Wenn du also bereit bist, für das Rad 600 Okken (vielleicht lässt er auch mit sich handeln) locker zu machen ist das vermutlich das Beste.

Ich kann aus Erfahrung mit den Kindern bei uns im Club sagen, dass diese Pseudo-Kinder-Trialbikes (16" und auch 20") alle zu schwer sind. Wenn die Fahrräder halb so schwer sind wie die Kinder selbst ist das dem Fortschritt nicht gerade zuträglich.

Ich weiß nicht ob der Hoffmann soo kleine Bikes baut oder ob vielleicht das Echo-Kinderbike klein genug ist, jedenfalls möchte ich dir nahelegen, auf die Geometrie und das Gewicht zu achten.

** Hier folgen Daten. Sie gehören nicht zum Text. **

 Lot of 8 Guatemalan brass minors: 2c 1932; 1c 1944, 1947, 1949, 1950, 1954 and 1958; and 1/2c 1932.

In der Größe (und bei soo geringen Belastungen) kann man vielleicht sogar selbst zusammenbrutzeln, aber dazu braucht man halt passendes Gerät.

edit: hab doch ein Bild:


----------



## MTB-News.de




----------



## KAMIkazerider (3. Juli 2004)

das rad ist kein unikat sondern das 2001er monty 207 Lite.
http://www.monty-bikes.de/index.php?show_shop_menu=1&id=100&show_shop_catalogue=1&shop_type=trial&order=ASC&order_by=articleNr&action=detail&amount=1&articleNr=00002075&admin=false&random=0.87361200 1088887310#


----------



## -=:trialsMAX:=- (3. Juli 2004)

also das monty wird für einen 3 1/2 jährigen viiiel zu groß sein, das is ja bei dem fahrer auf dem Bild zu groß und wie ich das mitgekreigt habe ist dieser bereits 5Jahre!!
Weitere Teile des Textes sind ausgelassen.